Data excerpt
- - - -

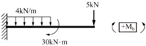 그림과 같은 선형 탄성 균일단면 외팔보의 굽힘 모멘트 선도로 가장 적당한 것은?
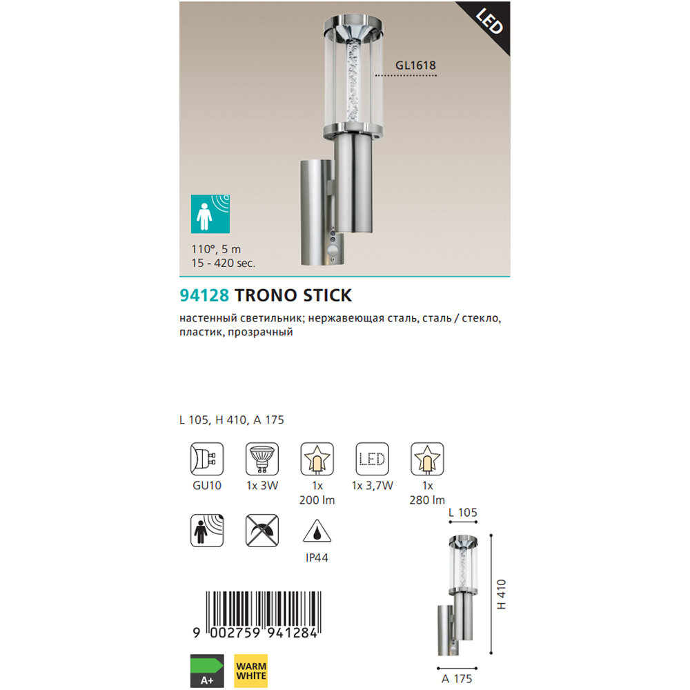 Настенный фонарь уличный с датчиком движения Trono Stick - продукт известной компании Eglo (Австрия). Имеет максимальную мощность 6.7 Вт, освещает площадь до 1 кв. м. Отлично подойдет для таких мест, как дача, фасад, веранда и беседка. Впишется в интерьеры следующих стилей: модерн, техно.
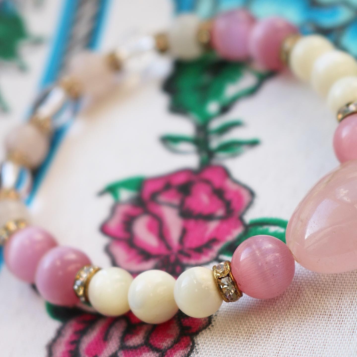 ピンクキャッツアイ、ローズクォーツ、マザーオブパール、水晶を組み合わせて

- - - -

Exercise brief
Please give again, exactly and only, the lines from the top of the listing above through the line that has "Настенный фонарь уличный", with pictures left out.

Written answer
 그림과 같은 선형 탄성 균일단면 외팔보의 굽힘 모멘트 선도로 가장 적당한 것은?
 Настенный фонарь уличный с датчиком движения Trono Stick - продукт известной компании Eglo (Австрия). Имеет максимальную мощность 6.7 Вт, освещает площадь до 1 кв. м. Отлично подойдет для таких мест, как дача, фасад, веранда и беседка. Впишется в интерьеры следующих стилей: модерн, техно.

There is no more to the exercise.